Siirt, yıllardır bölge illerine oranla kaderine terkedilmiş bir şehir. Kalkınma yolunda ancak eskiden harmanlarda kullanılan düven hızıyla ilerliyor. Halkın büyük bir çoğunluğu, dar gelirli veya yoksulluk içerisinde. Öğretilmiş çaresizlik içerisinde çoğu zaman bir çaba harcamaktan korkar bir halde.
Peki, kim sorumlu?

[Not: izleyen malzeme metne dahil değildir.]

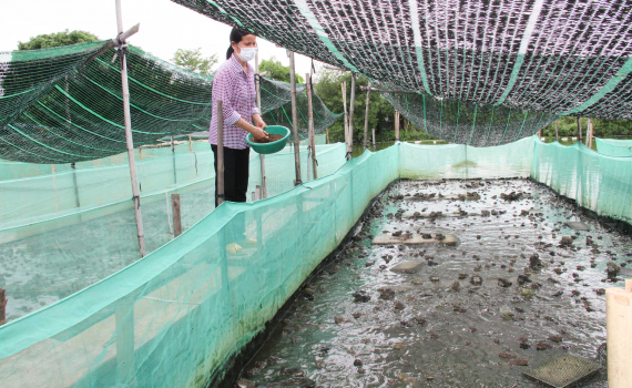 Từ việc chuyển đổi ruộng cấy lúa kém hiệu quả thành ao nuôi ếch và cá rô đồng, giờ đây mỗi năm gia đình chị Nguyễn Thị Rinh, thôn Phú Vinh, xã Minh Phú...

Bu şehri terk eden, tek kuruşluk yatırım yapmayan varlıklı insanlar mı? Sayıları az olsada bu güne kadar belli bir makama gelmiş ancak bu konumunu memleketi lehine kullanmayan hatta negatif ayrımcılık yapan bürokratlar mı?
Siirtli akademisyen ve doktorlar mı? Tek kelime ile hepsi.

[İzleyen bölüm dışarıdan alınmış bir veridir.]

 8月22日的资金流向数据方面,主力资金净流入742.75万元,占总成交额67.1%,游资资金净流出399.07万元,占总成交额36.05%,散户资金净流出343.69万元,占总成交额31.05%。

Siirt’in kalkınması için, şehir ekonomisine can verecek tek bir adım atmayan, sadece cebini düşünen bu insanlar, memleketlerini hep görmezden gelerek ihmal ettiler. Bunların dışında şehir de, aynı duyarsızlıkla yaşamını sürdüren bazı kesimler daha var.
Kamu görevlilerine gelince, durum daha da içler acısı. Şehirdeki birçok kamu görevlisi, görevini yerine getirmektense, masa başında oyun oynamayı ve devletin kaynaklarını kendi çıkarları için kullanmayı tercih ediyor.
Bir de işlerini savsaklayıp, “bankamatik memurlarına” dönüşenler var ki, onlar için tek bir kelimeyle tanımlama yapmak gerekirse, “ihanet”içindeler.
Siyasetçiler? Onlar da, bu şehri sadece kendi çıkarları için kullanıyorlar. Başkalarının sırtına basarak, kişisel menfaatlerini en üst düzeyde sağlamaktan başka bir şey yapmıyorlar.
Sivil toplum kuruluşları? O da ne? Hiçbir tepki veremeyen, sadece arada bir yaptığı söylemde kalan, durumu değiştirmek adına hiçbir girişimde bulunmayan bir grup ve basın?
Basın, yalnızca gücün yanında duruyor, gerçekleri yazmaktan korkuyor.
Unutmayalım ki , bu şehirdeki yaşlı, dul, yoksul her bir insanın sorumluluğu sadece devlette ya da belli gruplarda değil. O yük, herkesin sırtında. Ama kimse bu yükü taşımıyor. Kimse adım atmıyor. Ve bunun vebali ağırdır.